▸ Study material
--------
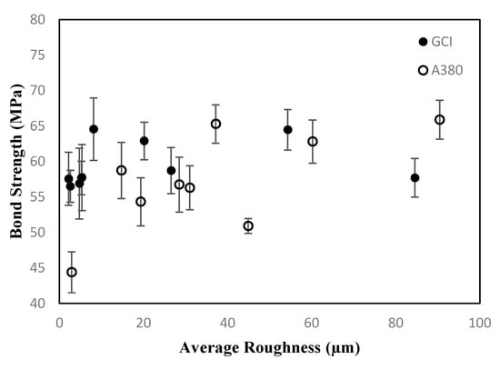 The adhesion strength between the coatings and substrates was determined to be the force required to separate the coating from the substrate. Failure during pull-off adhesion testing can occur in many ways including at the glue which binds the dolly to the coating, adhesively at the interlock between the coating and substrate, cohesively between the splat layers of the coating, or mixed mode which is a combination of glue, adhesive, or cohesive based failure [20]. The adhesion testing of these samples revealed how average surface roughness affected the bond strength between the spray coating and substrate and is plotted in Figure 6 for GCI and A380. Generally speaking, the GCI plasma spray system exhibited higher bond strength than the A380 sample. With a big variation in average surface roughness (2.2 to 85 µm) the bond strength varies within the range from 53 MPa to 66 MPa for GCI. For the A380 plasma spray coated system, there was a larger variation in average surface roughness (~3 to 90 µm) and the bond strength values ranged from 44 MPa to 66 MPa. For A380, the pull-off strength at 2.95 µm roughness is the lowest (~44 MPa) because of the lack of favorable mechanical anchoring sites. There is also a decrease in pull-off strength at a surface roughness value of 44.95 µm for A380 but the pull-off adhesion strength of 51 MPa is still in the recommended range. Therefore, all the measured bond strength values are above the required 30 MPa for cylinder liners and most range between or above the recommended 45 to 55 MPa outlined by Barbezat et al. [14]. Also, it is important to note that for three pull-off adhesion tests conducted for each sample there was little variation in measured pull-off adhesion strength.
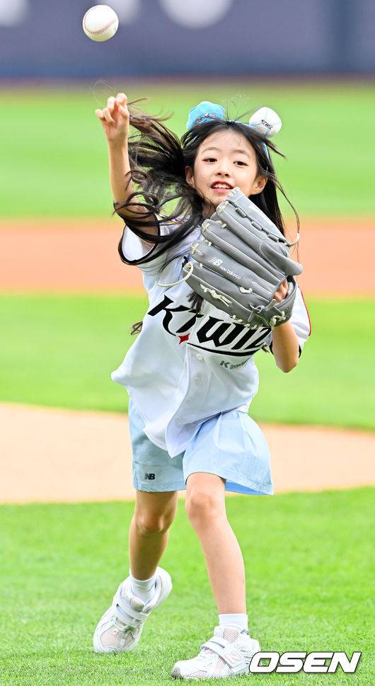 경기 전 아역 배우 오지율이 시구를 하고 있다. 2025.05.03 / rumi@osen.co.kr
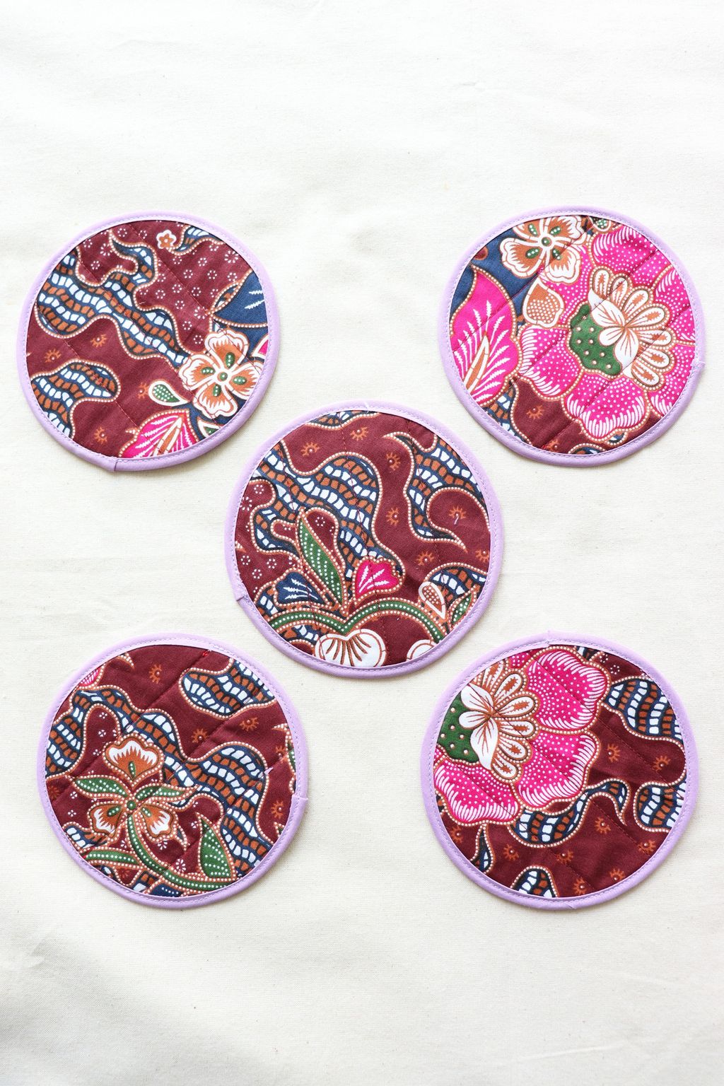 Our tailors had fun mixing and matching the batik prints of these reversible digital and handmade batik textile coasters.
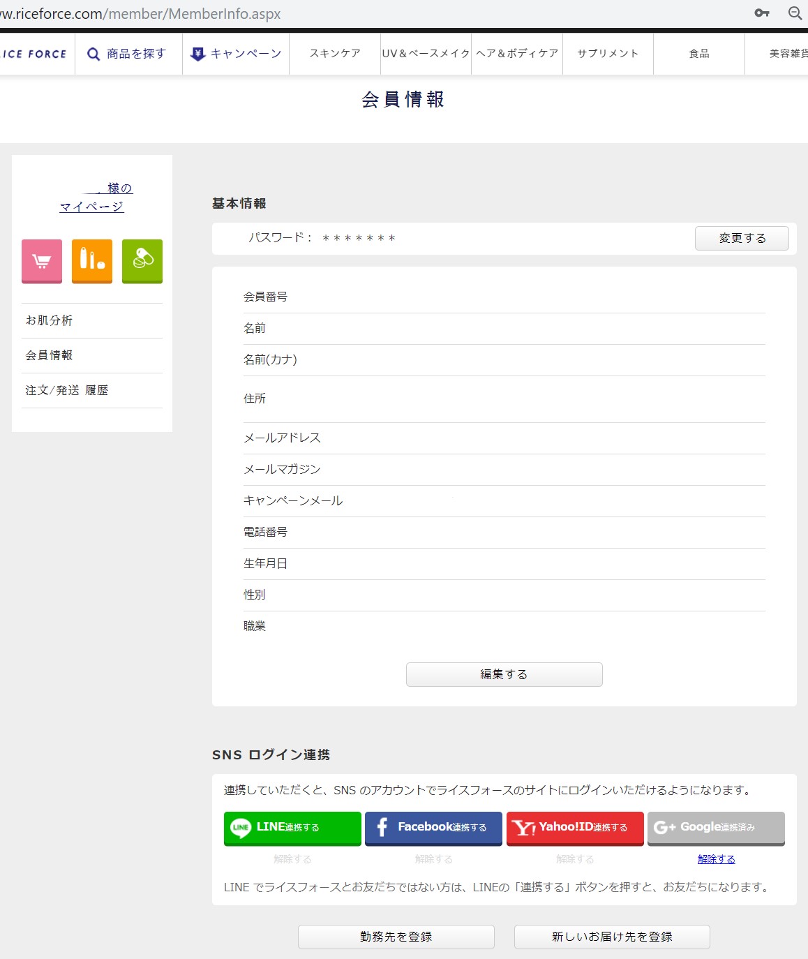 ライスフォースの会員の退会手続きから説明します。マイページの会員情報ページを見てみると…
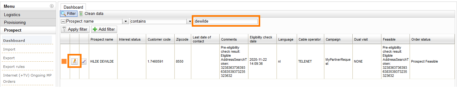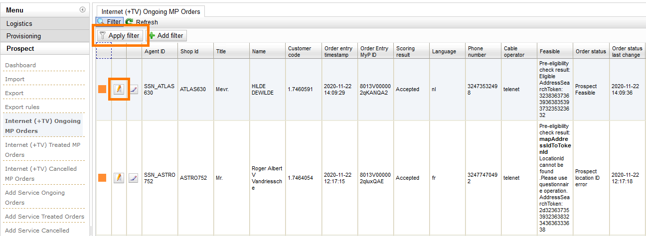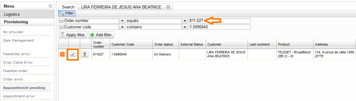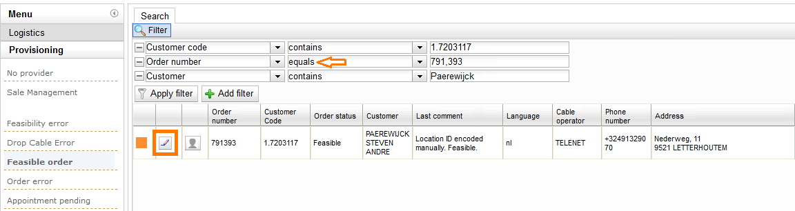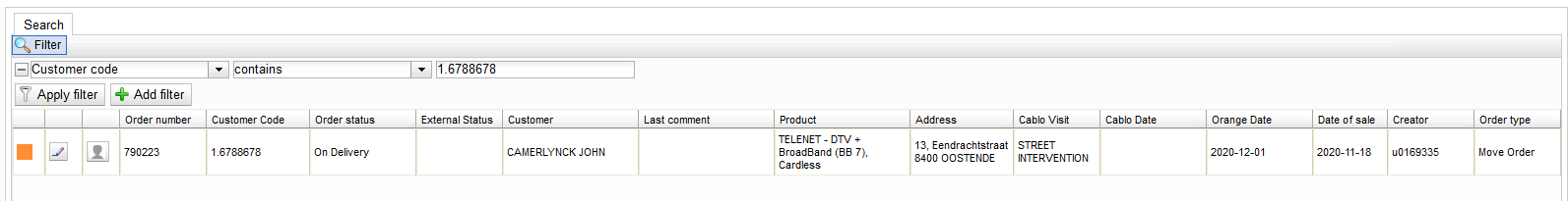 Na het ingeven van een order in Salesforce komen de orders direct hier terecht. Simpelweg op Apply filter filter klikken resulteert in een chronologische lijst met orders. Via Add filter is het mogelijk om te zoeken op bijvoorbeeld Name of op klantnummer (als die gekend is voor bijvoorbeeld een bestaande klant met gsm-abonnement).
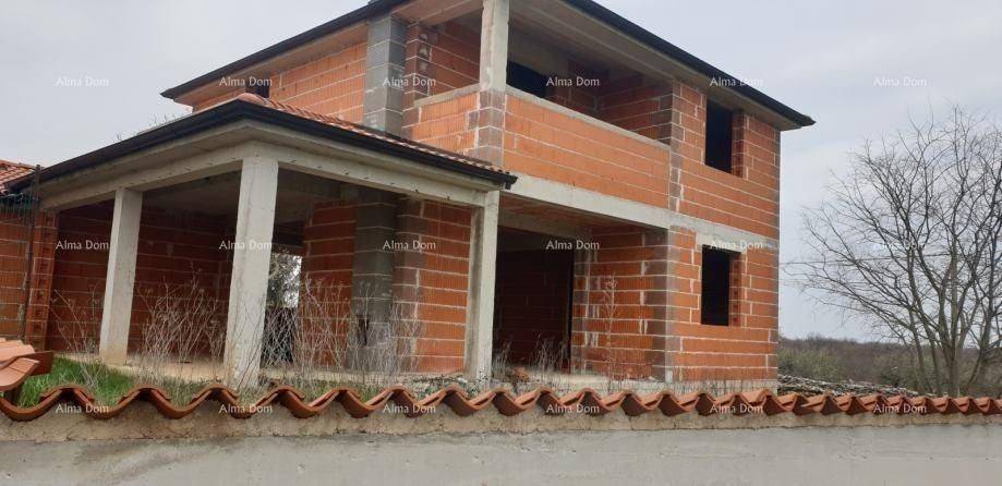 HOUSE FOR SALE - ROH BAU, ISTRA, MARČANA - village, a place of beautiful nature and peace, 15 minutes away by car from the sea and the beautiful Rakalj beach.On the ground floor there is a large living room with kitchen and dining room, one bathroom, pantry and toilet, and two covered terraces. The living room leads to a covered terrace from which access to the pool is possible.Internal stairs lead to the 1st floor, where there are 3 bedrooms and 2 bathrooms, one of which has its own bathroom. Rooms have balconies.The house is located in a quiet street where there are 3 similar buildings that have been engaged in tourist rental for years.Building plot area: 394 m2The surface of the house with a total living area of 178 m2 distributed over two floors. The building has a split floor plan with total dimensions: 12.75x10x20 m.2 above-ground garages 6.4x6 m and height 2.4 m, 2 parking spacesSwimming pool (concrete pool bed) 4x7.5x1.3 m.Ownership: 1/1.ROH BAU construction phase (earthworks, foundation walls/slabs, load-bearing and partition walls, roofing and sheet metal, electricity, water, pool bed) built in accordance with the valid construction permit issued and approved project and technical documentation, as well as all installed materials and equipment have the necessary certificates and permits prescribed for this phase of construction.The house certainly leaves enough space for decoration and conversion according to the customer"s own wishes and needs, as well as the interior and exterior design itself.This house represents an ideal opportunity for a peaceful family life, as well as a financial investment for a tourist rental.Info:Azra+385 91 611 5706+385 98 420 885azra@almadominvest.com
--------
▸ Work task
Word for word, restate the lines above from the one with "ライスフォースの会員の退会手" through the one with "Na het ingeven", keeping both ends and dropping the pictures.

▸ Output of the task
 ライスフォースの会員の退会手続きから説明します。マイページの会員情報ページを見てみると…
 Na het ingeven van een order in Salesforce komen de orders direct hier terecht. Simpelweg op Apply filter filter klikken resulteert in een chronologische lijst met orders. Via Add filter is het mogelijk om te zoeken op bijvoorbeeld Name of op klantnummer (als die gekend is voor bijvoorbeeld een bestaande klant met gsm-abonnement).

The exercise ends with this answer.